The epoxy resin may include an epoxy resin having at least one functional group, and may be in a solid or solid-like state, in view of film shapes. Preferred examples of the epoxy resin include bisphenol-type epoxy resins, ortho-cresol novolac-type epoxy resins, multi-functional epoxy resins, amine-type epoxy resins, heterocyclic epoxy resins, substitutional epoxy resins, and/or naphthol-type epoxy resins.

Particular examples of commercially available bisphenol-type epoxy resins may include: Epiclon 830-S, Epiclon EXA-830CRP, Epiclon EXA 850-S, Epiclon EXA-835LV, etc. (available from Dainippon Ink and Chemicals, Inc.); Epicoat 807, Epicoat 815, Epicoat 825, Epicoat 827, Epicoat 828, Epicoat 834, Epicoat 1001, Epicoat 1004, Epicoat 1007, Epicoat 1009, etc. (available from Yuka Shell Epoxy Co., Ltd.); DER-330, DER-301, DER-361, etc. (available from Dow Chemical Co.); and YD-128 or YDF-179 (available from Kukdo Chemical Co., Ltd.).

The ortho-cresol novolac-type epoxy resins may include: YDCN-500-1P, YDCN-500-4P, YDCN-500-5P, YDCN-500-7P, YDCN-500-80P, YDCN-500-90P, etc. (available from Kukdo Chemical Co., Ltd.); EOCN-102S, EOCN-103S, EOCN-104S, EOCN-1012, EOCN-1025, EOCN-1027, etc. (available from Nippon Kayaku Co., Ltd.).

The multifunctional epoxy resins may include: Epon 1031S (available from Yuka Shell Epoxy Co., Ltd.); Araldite 0163 (available from by Ciba Specialty Chemicals); and Detachol EX-611, Detachol EX-614, Detachol EX-614B, Detachol EX-622, Detachol EX-512, Detachol Ex-521, Detachol Ex-421, Detachol EX-411, Detachol EX-321, etc. (available from NAGA Celsius Temperature Co., Ltd.).

The amine-type epoxy resins may include: Epicoat 604 (available from Yuka Shell Epoxy Co., Ltd.); YH-434 (available from Kukdo Chemical Co., Ltd.); TETRAD-X or TETRAD-C (available from Mitsubishi Gas Chemical Company Inc.); and ELM-120 (available from Sumitomo Chemical Industry Co., Ltd.).

The heterocyclic epoxy resins may include: PT-810 (available from Ciba Specialty Chemicals).

The substitutional epoxy resins may include: ERL-4234, ERL-4299, ERL-4221, ERL-4206, etc. (available from UCC Co., Ltd.).

The naphthol-type epoxy resins may include: Epiclon HP-4032, Epiclon HP-4032D, Epiclon HP-4700, Epiclon HP-4701, etc. (available from Dainippon Ink and Chemicals, Inc.).

The epoxy resins may each be used alone, or as a combination of two or more thereof.

The epoxy resin may contain at least 50 wt. % of the multifunctional epoxy resin.
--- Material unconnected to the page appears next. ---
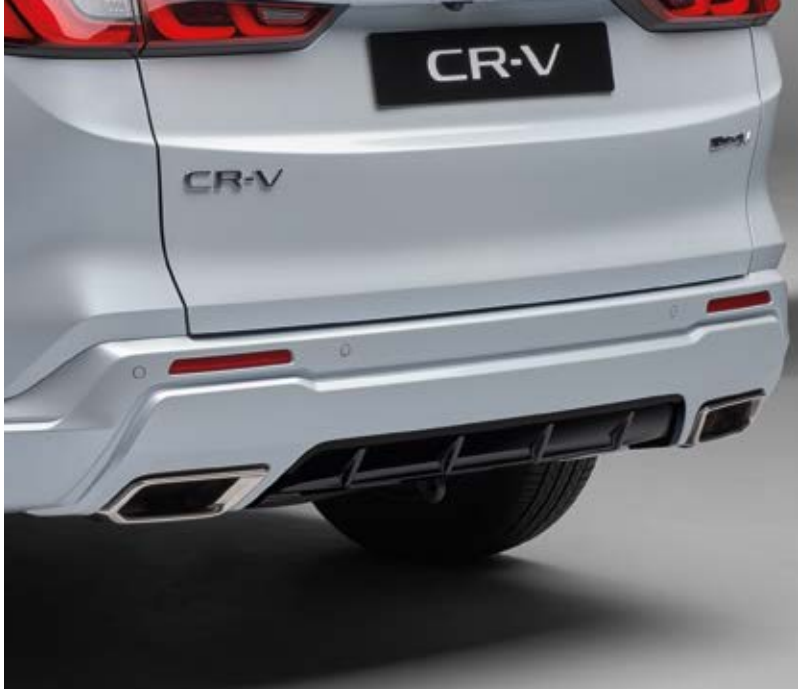
HECKSTOSSFÄNGER Vollenden Sie den Look Ihres CR-V mit dem Heckstoßfänger in Wagenfarbe und Akzenten in Berlina Black. Er passt perfekt zum aerodynamischen Frontstoßfänger und den Seitenschwellern.

Das Paket enthält: Aero-Stoßfänger vorn in Wagenfarbe, Heckstoßfänger in Wagenfarbe/Schwarz, Seitenschweller und Heckklappen-Spoiler in Berlina Black.

If the content of the multifunctional epoxy resin is less 50 wt. %, the epoxy resin may have a low cross-linking density, which may decrease internal bonding strength of the resulting structure and reduce reliability.

The amount of epoxy resin in the adhesive composition according to an embodiment may be about 5 to about 40 wt. % of total weight of the adhesive composition. If the content is less than about 5 wt. %, the adhesive film may lack sufficient curable portions, leading to a decrease in reliability. If the content is more than about 40 wt. %, the adhesive film may exhibit reduced compatibility. The content of the epoxy resin is preferably less than 30 wt. % in order to reduce surface tacking properties of the adhesive film at room temperature, which in turn, decreases adhesion between the film and an adhesive during lift off, thereby reducing lift off effects.

Phenol-Type Curable Resin

The phenol-type curable resin may include bisphenol A, F and/or S-type phenol curable resins having two or more phenolic hydroxyl groups in one molecule, which may provide excellent electrolytic corrosion resistance to moisture absorption. The phenol-type curable resin may also include phenol novolac, bisphenol A-type novolac or cresol novolac resins, xyloc-type resins, biphenyl-type resins, etc.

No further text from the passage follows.